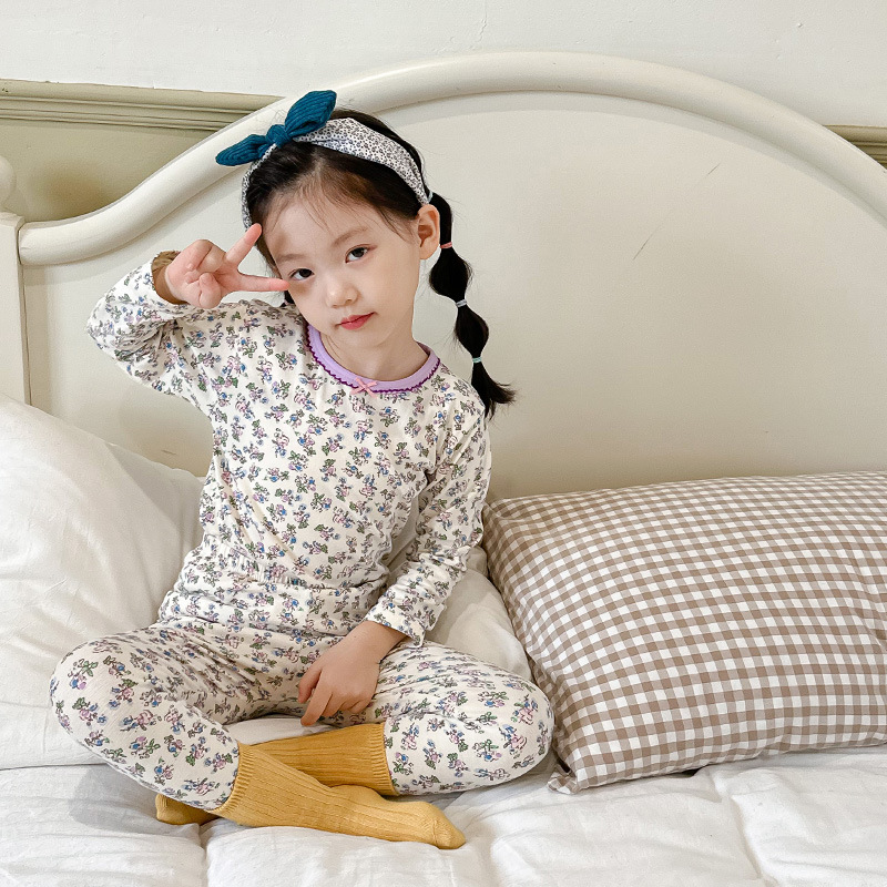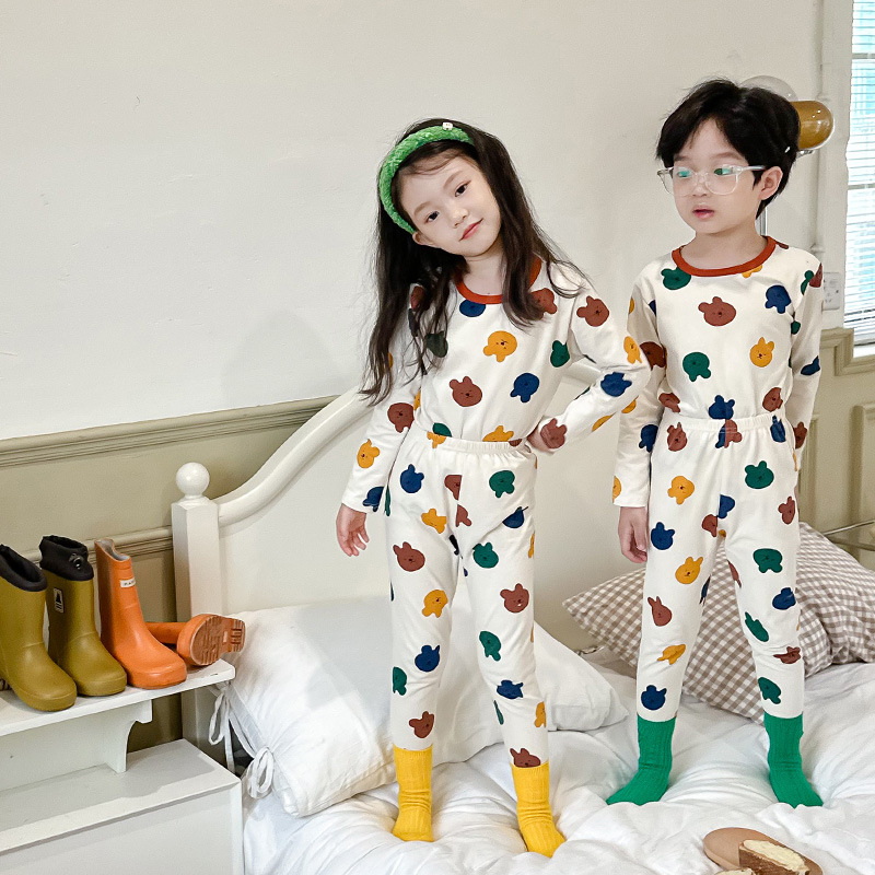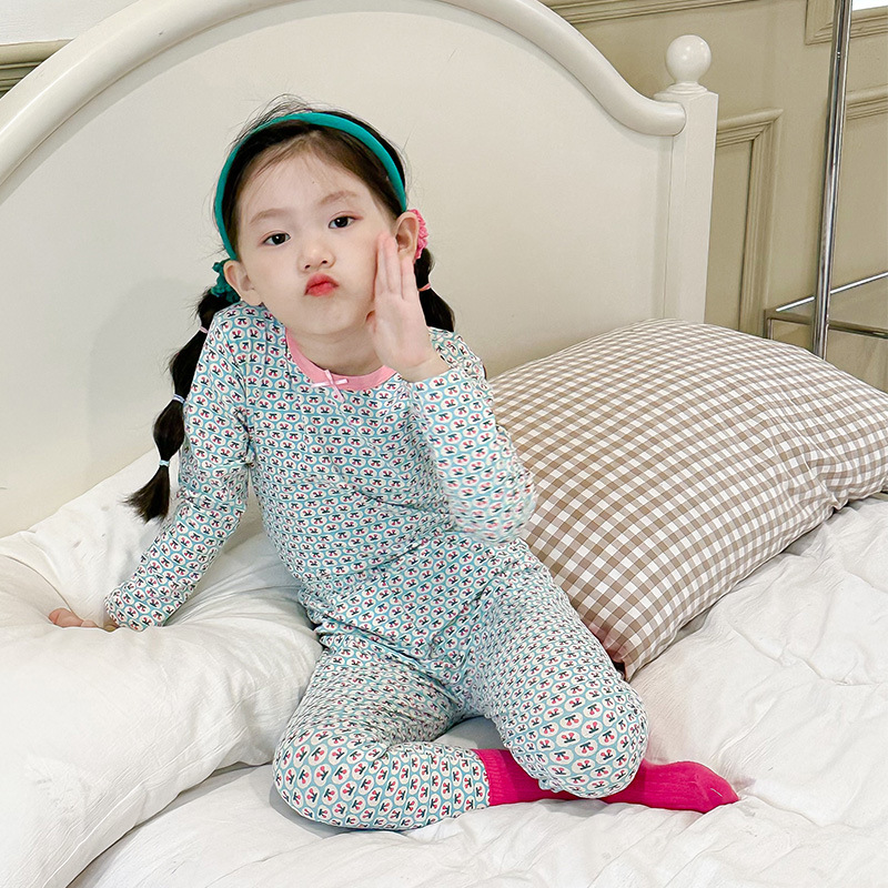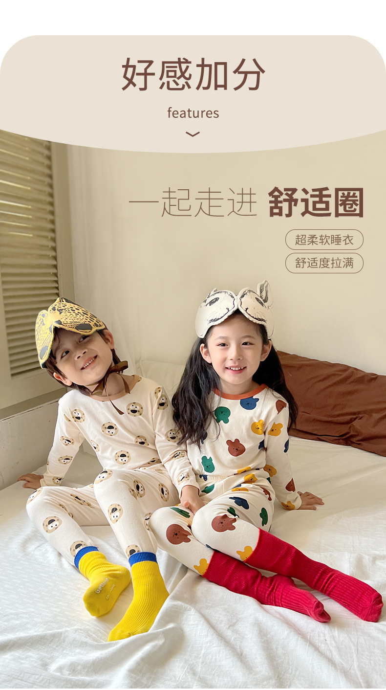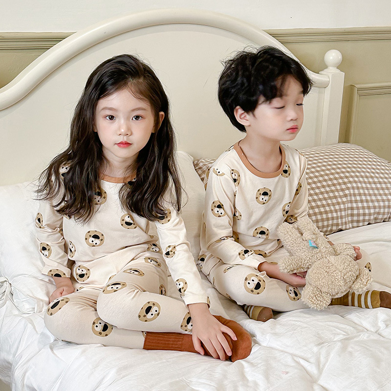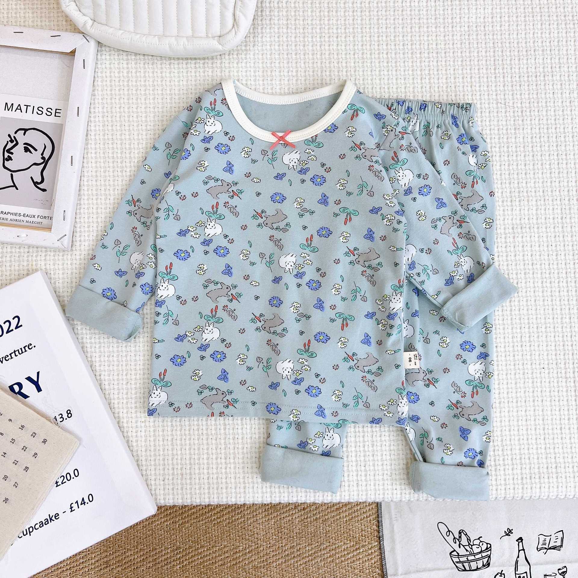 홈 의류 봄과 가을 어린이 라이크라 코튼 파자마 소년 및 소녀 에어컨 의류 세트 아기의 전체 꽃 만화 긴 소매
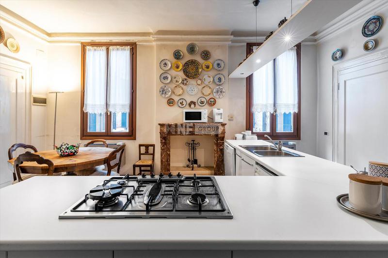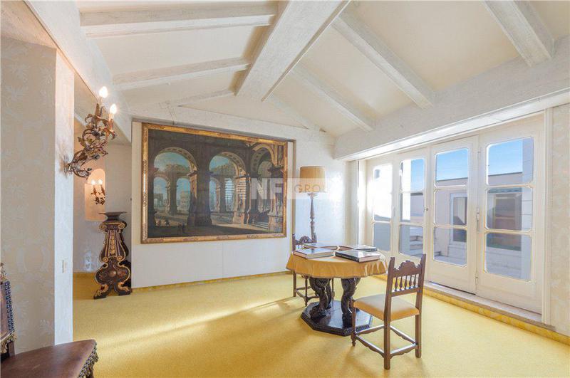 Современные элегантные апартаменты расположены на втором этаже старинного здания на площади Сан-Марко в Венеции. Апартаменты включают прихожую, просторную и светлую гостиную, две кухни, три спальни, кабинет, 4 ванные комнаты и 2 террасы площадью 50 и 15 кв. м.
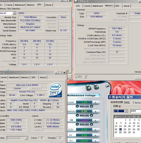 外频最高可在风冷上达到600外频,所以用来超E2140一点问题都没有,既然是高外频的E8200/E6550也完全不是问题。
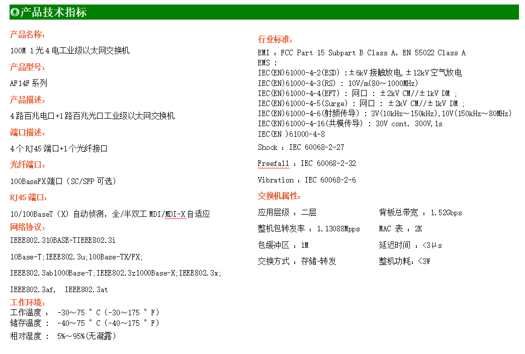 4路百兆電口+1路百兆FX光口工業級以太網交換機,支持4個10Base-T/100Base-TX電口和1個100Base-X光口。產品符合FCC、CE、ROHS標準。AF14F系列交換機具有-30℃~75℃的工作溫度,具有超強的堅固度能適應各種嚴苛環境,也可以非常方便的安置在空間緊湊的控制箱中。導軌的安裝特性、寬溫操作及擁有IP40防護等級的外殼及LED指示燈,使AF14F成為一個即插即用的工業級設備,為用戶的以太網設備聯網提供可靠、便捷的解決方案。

WORK TASK - Return every line above word for word, minus images.

SOLUTION TO THIS TASK -
 홈 의류 봄과 가을 어린이 라이크라 코튼 파자마 소년 및 소녀 에어컨 의류 세트 아기의 전체 꽃 만화 긴 소매
 Современные элегантные апартаменты расположены на втором этаже старинного здания на площади Сан-Марко в Венеции. Апартаменты включают прихожую, просторную и светлую гостиную, две кухни, три спальни, кабинет, 4 ванные комнаты и 2 террасы площадью 50 и 15 кв. м.
 外频最高可在风冷上达到600外频,所以用来超E2140一点问题都没有,既然是高外频的E8200/E6550也完全不是问题。
 4路百兆電口+1路百兆FX光口工業級以太網交換機,支持4個10Base-T/100Base-TX電口和1個100Base-X光口。產品符合FCC、CE、ROHS標準。AF14F系列交換機具有-30℃~75℃的工作溫度,具有超強的堅固度能適應各種嚴苛環境,也可以非常方便的安置在空間緊湊的控制箱中。導軌的安裝特性、寬溫操作及擁有IP40防護等級的外殼及LED指示燈,使AF14F成為一個即插即用的工業級設備,為用戶的以太網設備聯網提供可靠、便捷的解決方案。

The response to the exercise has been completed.